How is throwing a hat in a video game, for example, and turning into a T. rex political? A little help would be appreciated.
That's easy. Politics in its broadest sense refers to the relationships that exist between between members of a given group of people, or of those people and their environments. Art is inherently political because a lot about what it contains, how it exists, how it was made, how it's absorbed, how it exists over time across different contexts, all of those in some way evidence the relationships that exist between people and between them and their physical contexts.

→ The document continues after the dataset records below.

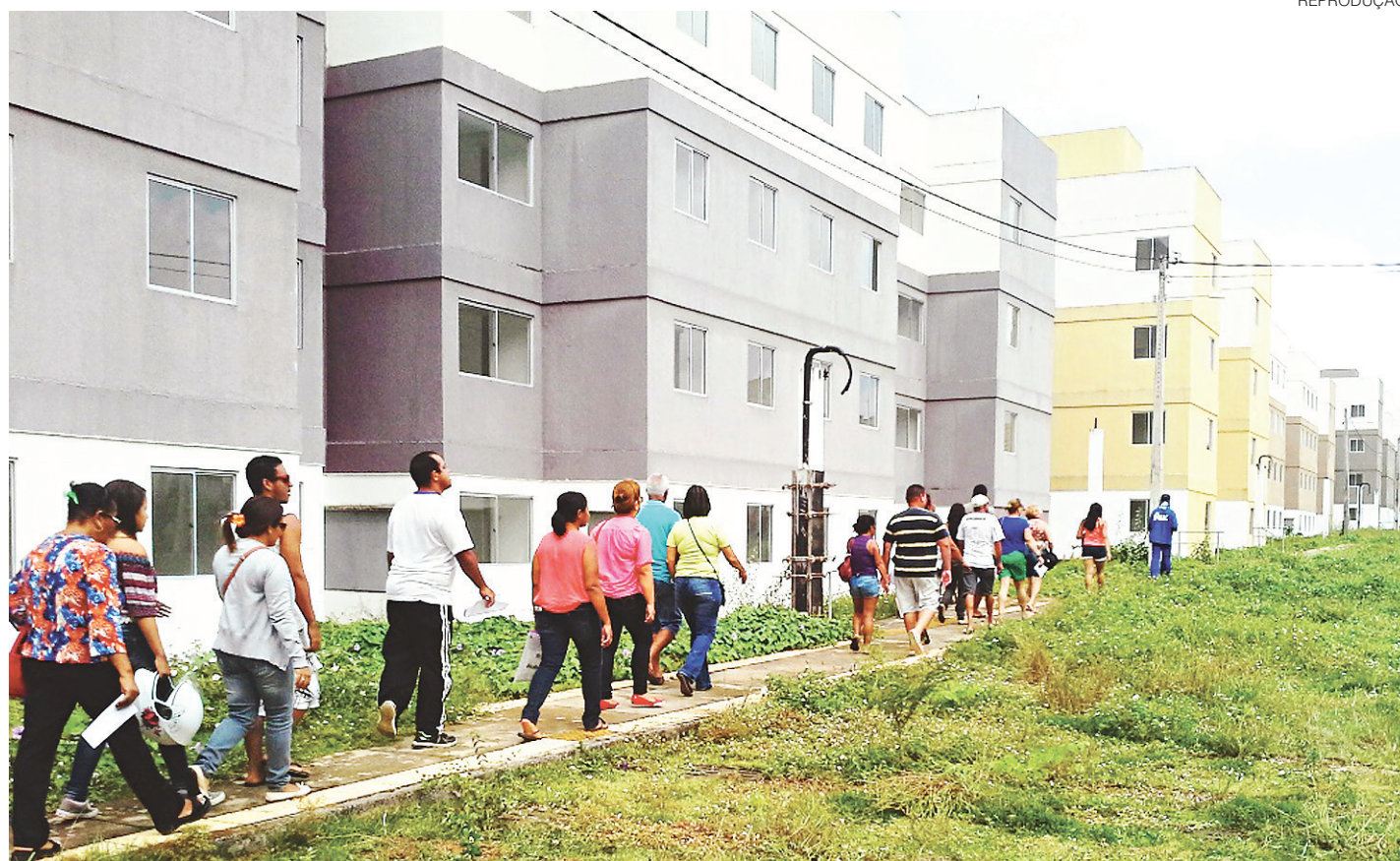
// Governo ficou de revisar a meta da presidente afastada Dilma Rousseff de contratar 2 milhões de moradias até 2018

Proposta das construtoras foi entregue aos ministros Henrique Meirelles, da Fazenda, e Bruno Araújo, das Cidades
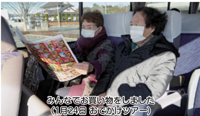
みんなで買い物をしました (1月24日 おでかけツアー)
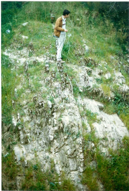
FOTO 12.- DOMINIO DE ARROYOMOLINOS. UNIDAD DE CUMBRES. Afloramiento de esquistos y metarenitas con blastos de estauroлита y/o andalucita (Cámbrico Medio-Superior).
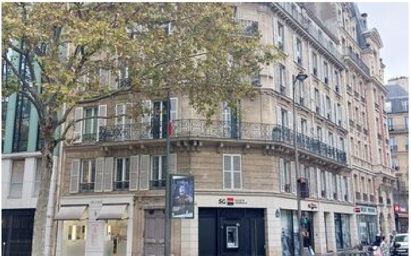
Amour, infidélité et train de vie : les paradoxes de l'entrepreneur accusé d'avoir tué sa belle-mère P
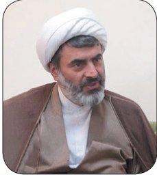
مدیرکل تبلیغات اسلامی چهارمحال و بختیاری: تبدیل نشر به خیر یکی از رسالت های اصلی خبرنگاران است
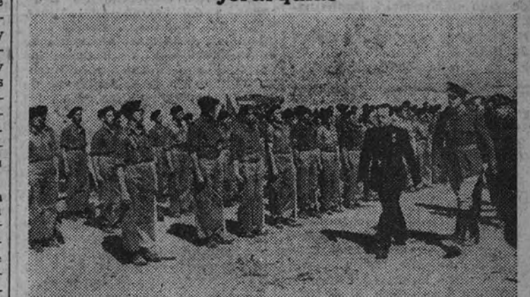
El Delegado Nacional de Sindicatos pasa revista a los productores locales del Partido.

Concurrieron el Vicesecretario de Obras Sociales, Subsecretario de Trabajo, Jefe Provincial del Movimiento y otras jerarquías
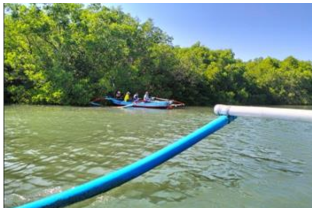
Gambar 1. Suasana dan Aktivitas Kelompok Nelayan Tanjung Sari Dalam Wisata Mangrove di Desa Wisata Kelan

Pemberian pelatihan penyusunan paket wisata mangrove dengan pendekatan regeneratif edutourism kepada Kelompok Nelayan Tanjung Sari selain merupakan upaya untuk mengimplementasikan Pariwisata Regeneratif dalam bentuk edutourism dengan subyeknya adalah nelayan yang tergabung dalam Kelompok Nelayan Tanjung Sari.
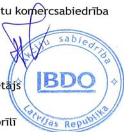
Aivars Putniņš LR zvērīnāts revidents Sertifikāts Nr. 123
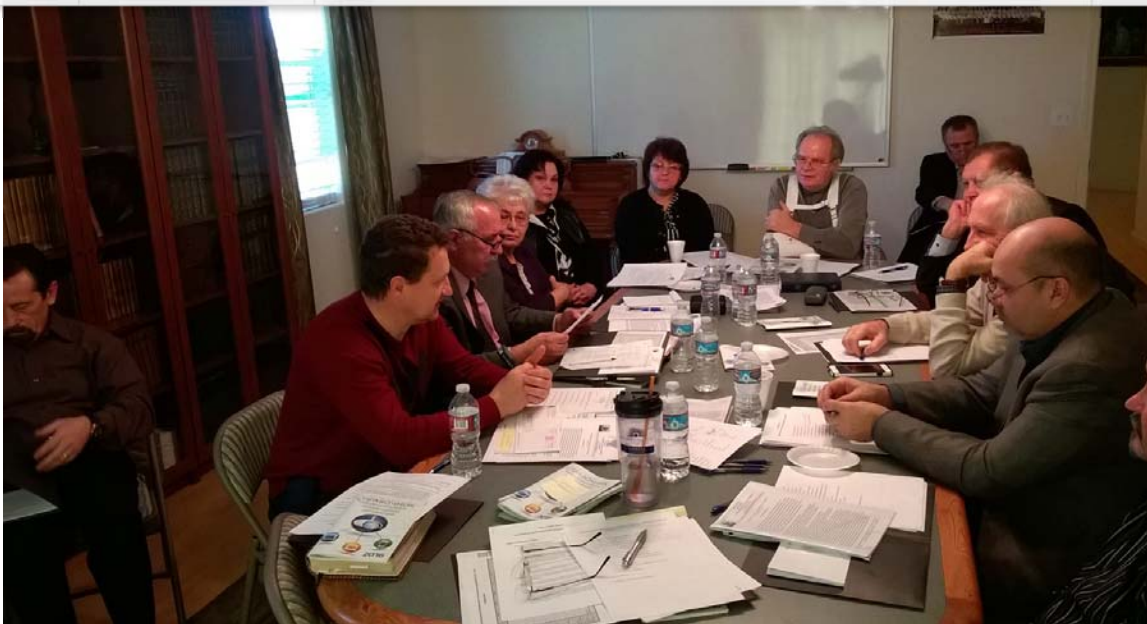
Во время встречи руководителей отделов
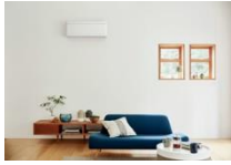
ファブリックホワイト
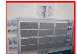
電巻防護ネット (複数箇所)

建屋の開口部に設置し、電巻により飛来した物の侵入を防止する ⇒2020年4月 工事完了
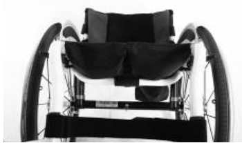
XFF 020003 Tecido do assento com 2 bolsas
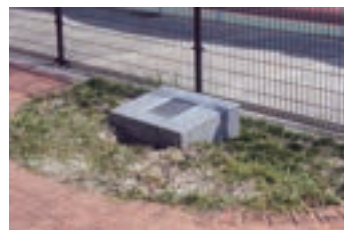
㉒ 日本の都市公園100選 (1989) 日本の都市公園100選に選ばれたことを記念した碑
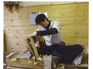
伝統的木造建築物屋根材の製作 (協力: 栗山木工有限会社)
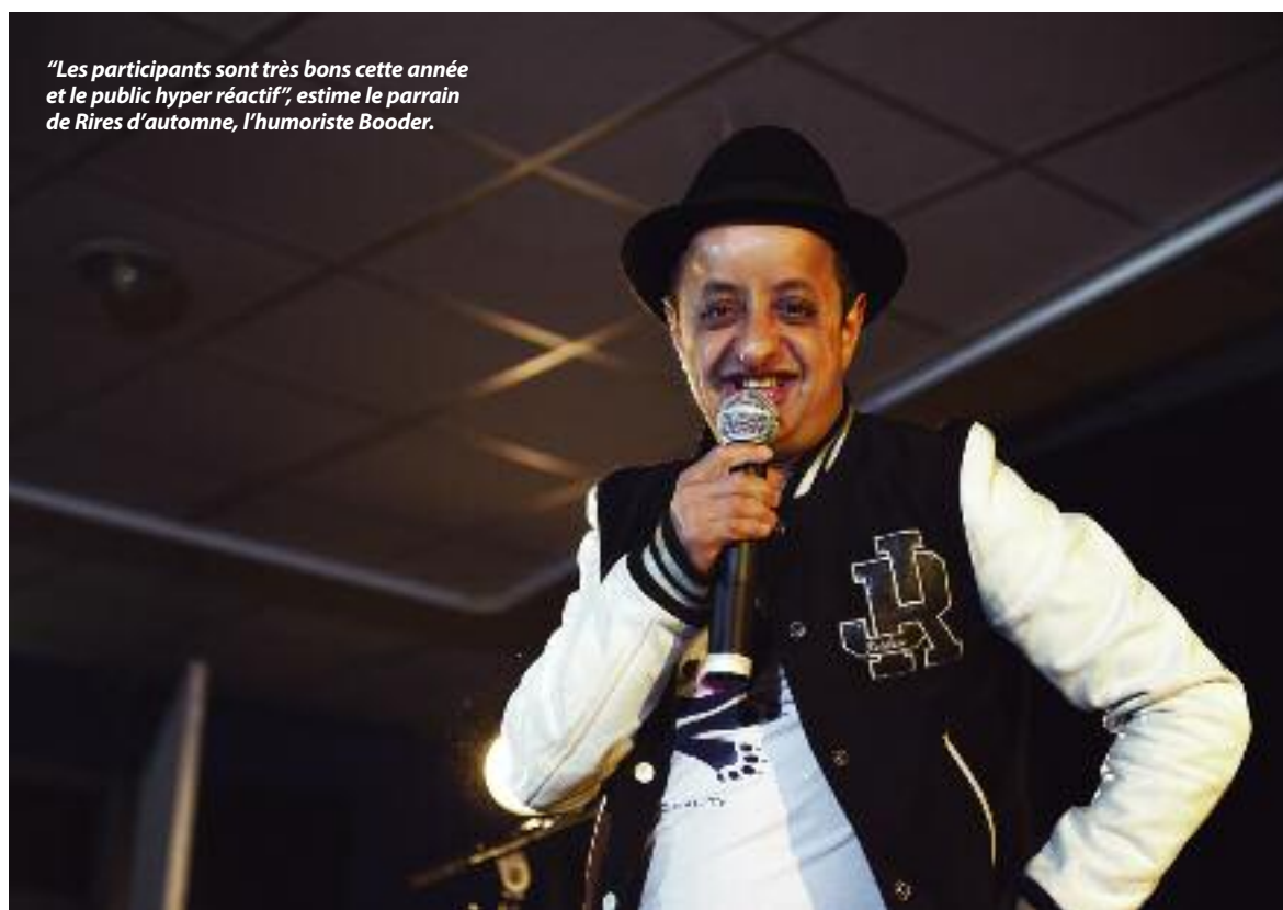
"Les participants sont très bons cette année et le public hyper réactif", estime le parrain de Rires d'automne, l'humoriste Booder.
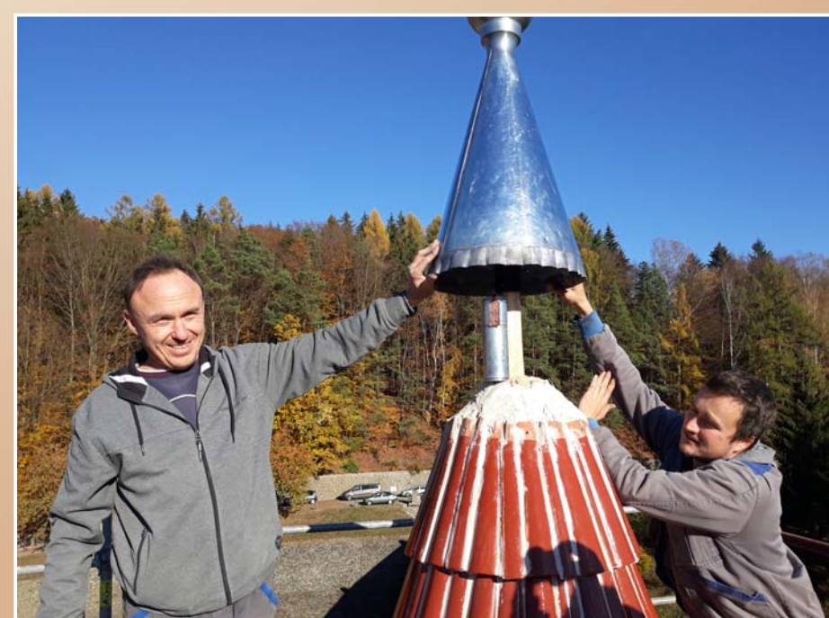
Uložení časové schránky

Od 31. 10. 2018 je schránka uložena v samé špičce věžičky levé průjezdové brány, kde bude několik desetiletí čekat na své objevitele.
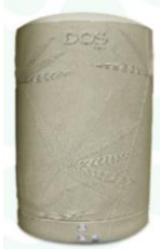
ถังเก็บน้ำ 2,000 ลิตร DOS DE-01
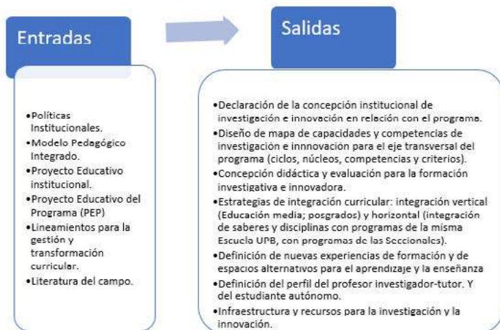
Figura 4. Entradas y salidas

As to your examples, i mean they're not particularly hard. Using your hat as a tool can be a statement about fashion and giving old icons a new strength by using them for unforeseen ends. Using that hat to gain control of other agents of free will, like that T Rex, is frankly even more easily political because it puts you in a position where you can gain control of unwilling subjects, a sharp stick to poke at our fears of losing control over our own bodies or our ability to be free of other's control.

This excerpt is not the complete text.